3rd Pitch- 150’- 5.10/This pitch is the crux of the climb. As the FAer’s point out, similar to a “Zion” type splitter, but on lichen covered north facing chossy features when outside the crack. Our more obscure Zion stuff would be the same. But for this pitch, think the third pitch of the Headache (Zion) with everything outside the crack as sketch. Start out with an awkward 5.7 traverse left. I chose to place one extended piece on the traverse and then wait until I got vertical a few meters before placing a second. This offered the best rope drag scenario. There is a stuck modern piece (2015) at the very start of the vertical crack, but it is not worth clipping as that would put a big bend in the rope. The higher you get the wider the crack (C4#3 towards the end). The crux move comes at the beginning of the twin cracks about midway, pulling finger cracks over a bulge with suspect foot edges. Until the rock cleans up, this lead is a bit heady for the grade. Climb to a decent stance/ledge and fixed rap below a chimney.

4th Pitch- 100’- 5.9 / Climb the fun chimney placing a few larger pieces until you reach a large ledge. This ledge is shared with the original Earth Angel route. You come in above the pitch on the southwest face of Earth Angel that has all the cool large “chicken head” features. Thus you can belay on the tree and then determine how you are going to finish the route.
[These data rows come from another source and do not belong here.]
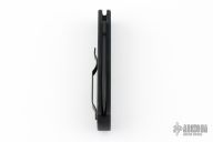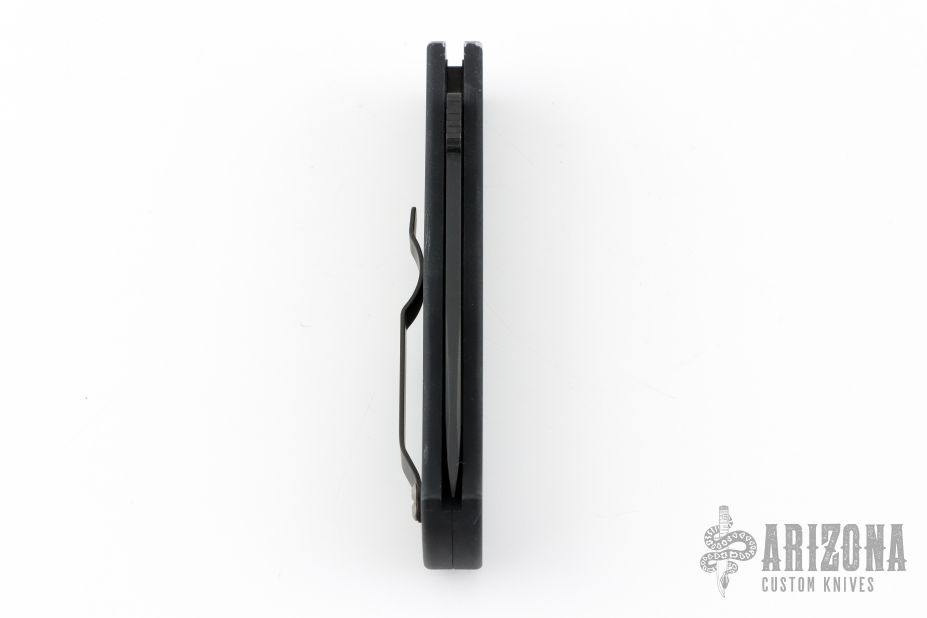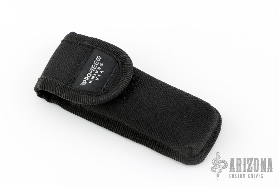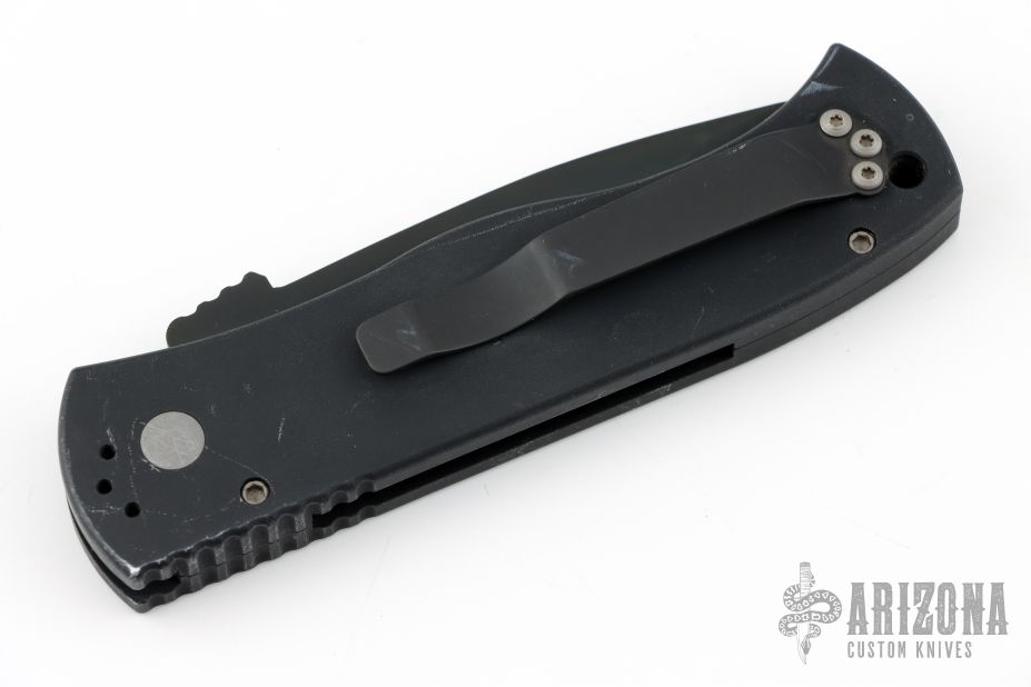 This CQC7A by Pro-Tech Knives is an Emerson design, it features a black spearpoint blade with notched thumbrest. The handle has a black aluminum frame with lanyard hole, black tip up stainless steel clip and blasted hardware. Comes with original sheath. Production Run 1 #460. Has some scuffs and scratches, has some wear on the frame finish, otherwise good condition.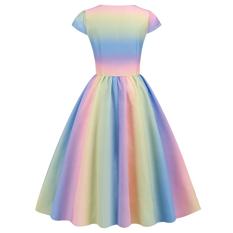 Printed Dress Women's Short Sleeve Waist-tight Retro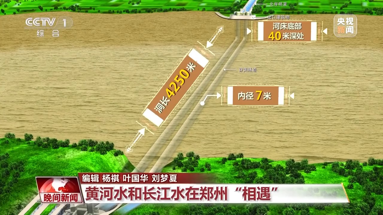 南水北調(diào)工程建設(shè)者在鄭州花園口西黃河河床底部40米深處開(kāi)鑿兩條隧道,穿黃隧道為雙線有壓輸水隧道,單個(gè)洞長(zhǎng)4250米,內(nèi)徑7米,這樣的內(nèi)徑可以滿(mǎn)足洞內(nèi)跑汽車(chē)。有了“穿黃工程”,北上的長(zhǎng)江水通過(guò)兩條穿黃隧道與黃河立體交叉相遇。平時(shí),黃河水在上面流,南水北調(diào)的長(zhǎng)江水在河底隧道中流過(guò),兩者上下而過(guò),猶如一條巨龍?jiān)邳S河之下隱去了身影。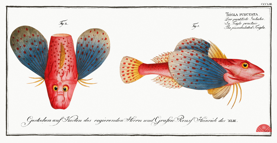 Punctulated Trigla Trigla punctata from Ichtylogie ou Histoire naturelle: génerale et particuliére des poissons 1785-1797 by Marcus Eliser 1723-1799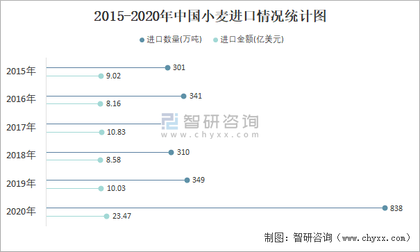 2015-2020年中國小麥進口情況統計圖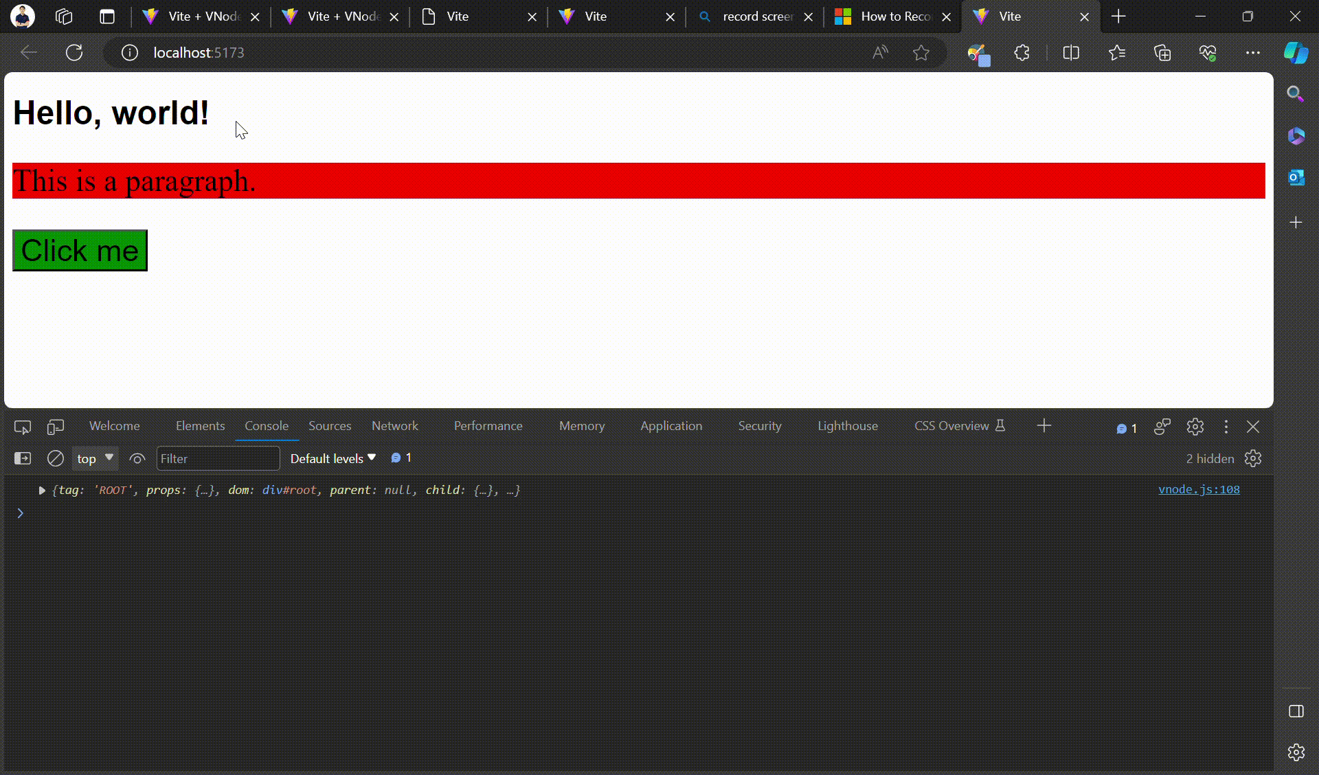 src/App.js chỗ này sử dụng object thay thế jsx do nếu muốn sử dụng jsx thì chúng ta cần phải viết plugin(vite or webpack) cho virtual dom mới tạo để parse từ code jsx sang cấu trúc hợp lệ với virtual DOM mới của chúng ta nên mình sẽ gợi ý một số thứ cần để mọi người tham khảo và thực hiện trong tương lai: JSX Babel parser, AST hoặc mình sẽ tiếp tục phần này trong tương lai 😇 còn tạm thời thì cứ như dưới đã.

5th Pitch- 100’- 5.10 PG13 or 5.7 / The FAer’s labeled this last pitch as PG13 but the second accentors questioned the safety of this last pitch and I concur.  It is more like "R" until they add an additional bolt. The issue is not the climbing (which has little if any 5.10 on it) but the lack of pro combined the poor quality rock. Currently there is only one bolt on the pitch (2015) and it is high up on the arête, forcing you to jug on atypical (pliable) lichen covered Sedona limestone without pro. The upper bolt is to protect the final traverse off the arête, up and left. To reach it, you have to climb several meters off the deck on suspect holds. The first real gear is approximately 35’ up. Start to the right and traverse left to the arête and follow positive holds to a solid C4#.5 slot. After another few meters, clip the bolt and make crux face moves up and left to a ledge with a tree. Continue up the final face above which is the same finish as for the original route on Earth Angel. Until another bolt is added to the lower half of the arête, I would advise tying into the last pitch of the original route earlier by walking past the tree you belay off of and finishing up the original route from there (5.7).

Climbing Sequence

Descent

Rap the route with double ropes. Rap from the summit to the top of pitch 3. Pitch 3 to top of pitch 2. Pitch 2 to top of pitch 1. Pitch 1 to the ground which is below where you started, maybe grab your shoes and backpack out left as you rap by and continue on down to avoid a bit of bushwhack on the return.

Essential Gear

Double 60m ropes. Single from micro to C4#5. Double C4#.4 through #2. Off set cams or a few nuts. Plenty of shoulder length runners. Extend your pieces as these are long and wandering pitches. True north facing route, dress accordingly. Helmets advised for the choss factor.